While we pride ourselves on setting up trials where the mechanism is plausible, one only has to go back 50 years to where much of what we presently take for granted, progressed by serendipity rather than cold logic.

I take your point and to be clear, I am no defended of acupuncture, I can assure you. Take a look at my Blog on http://oryctolagus.wordpress.com/ to see my outrage at claims that an acupuncturist made to me. However, I was getting the message, perhaps incorrectly, that unless a clinical trial was a perfect double blinded placebo controlled study, then it was invalid.

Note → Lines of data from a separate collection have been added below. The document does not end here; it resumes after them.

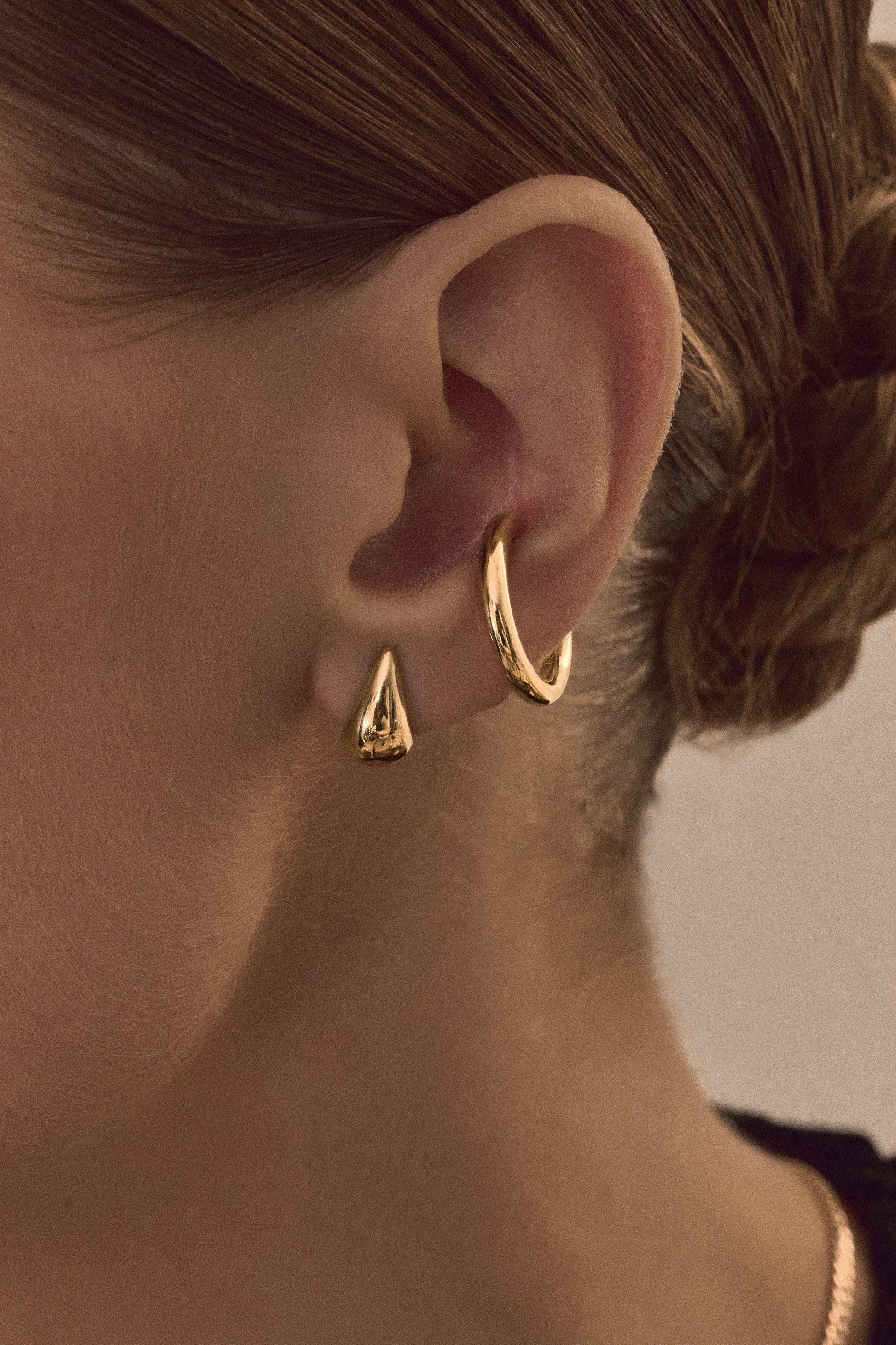 Puro e essencial, o Brinco Gota revela a beleza da forma em sua simplicidade. Lapidado apenas pela luz, seu contorno liso em ouro 18k reflete delicadeza e força, como a gota que guarda o instante do movimento. Uma joia atemporal, feita para iluminar com sutileza e elegância.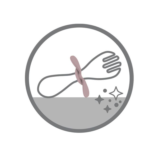 The wide, rounded handle fits perfectly in the baby’s hand, thanks to which it is easier for the child to learn to eat with cutlery.
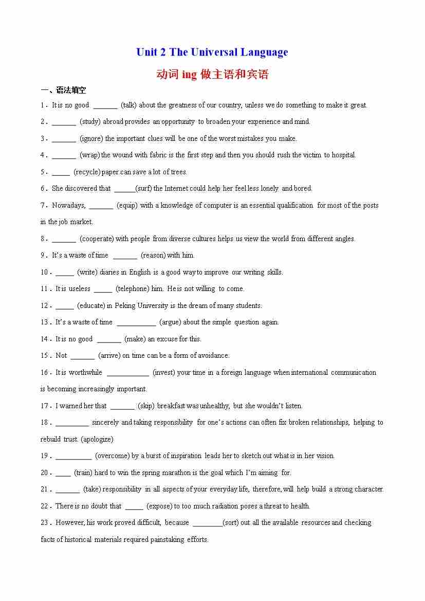 Unit 2 The Universal Language 语法Grammar 动词ing做主语和宾语(原卷版)

For example, Cuddles said "If you don't give a placebo, then both the doctor and the patient know which group they are in, and there cannnot be any blinding at all. This makes the whole trial bascially worthless."

This is not really correct. Such studies are often constrained by practicalities and ethics be it with acupuncture or a conventional drug therapy. I don't agree that if the placebo is imperfect (because of necessary constraints) then the whole trial is worthless. This is too much of an absolutist interpretation I feel. The data have to be viewed with the shortcomings in mind of course, but this does not preclude a degree of interpretation.

I also think you are saying that it would only be feasible to look for a mechanism for acupuncture, after a real effect was convincingly shown in a clinical trial. Usually, the mechanism of action is shown, if only as a proof of principle, for example in vitro, then efficacy in humans are investigated. The problem with acupuncture is that the indications are so wide (ie cure all) then it's impossible to know where to start.